Отважный был отцовским любимцем. Его породистая изысканность резко выделялась на фоне тяжеловесных битюгов. Но однажды, вернувшись с работы, отец взволнованно выкрикнул:

– Они хотят, чтобы я работал шофером!

– Шофером? – переспросил дядя. – Откуда у них здесь машина?

Выяснилось, что у них и в самом деле была машина, давно вышедшая из употребления, а председателю колхоза стало известно, что отец отличный механик. Отец отправился взглянуть на машину, которая оказалась доисторическим «фордом».

– Совсем нетрудно отремонтировать, – сказал отец, осмотрев мотор.

– Пустая болтовня, – буркнул председатель.

– Товарищ, – ответил отец. – Я могу починить ее за два дня. Если, конечно, мне дадут хоть какие-нибудь инструменты.

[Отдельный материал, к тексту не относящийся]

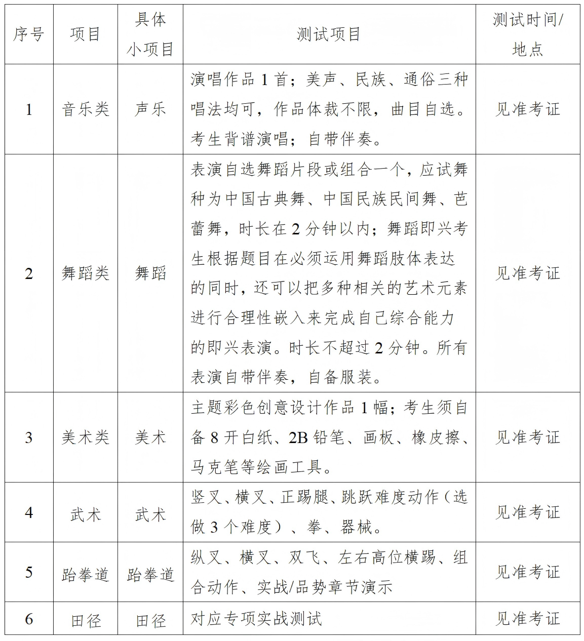 2.报考田径田赛专项的考生在跳高、跳远、三级跳远、铅球、铁饼中选择一个项目进行考试。

– Болтовня, – повторил председатель с сомнением.

– Такую машину, – сказал отец, задетый за живое, – я мог бы построить[42] за два месяца, если бы здесь была наковальня.

– Понятно, – протянул председатель, тоже слегка обидевшись, – что она вам не нравится.

– Этого я не сказал, – возразил отец, сочувственно разглядывая несчастный старенький «фордик».

Машина стояла под навесом, неподалеку от реки. Я повадился приходить сюда и смотреть, как отец работает. Он провозился дольше, чем предполагал вначале, но он ее еще и выкрасил, и заменил сиденья, и обмотал руль.

На берегу реки росли высокие яркие цветы и какие-то странные плоды – красные, сладкие и липкие. Съев один такой плод, я задремал. Когда же я проснулся, воздух уже стал серым. Помню, мне очень нравился плеск воды и высокая трава. Потом стемнело, и отец закончил работу.

Осенью я пошел в школу. В ней было два польских класса. Мы разучивали песни: «Течет, течет Висла по польской долине, а над ней склоняются плакучие ивы» и «Горящее сердце, зовущее в Польшу», от которой у меня озноб пробегал по коже сильнее, чем от песен о детях-героях, останавливающих поезда красной рубахой, пропитанной их юной кровью.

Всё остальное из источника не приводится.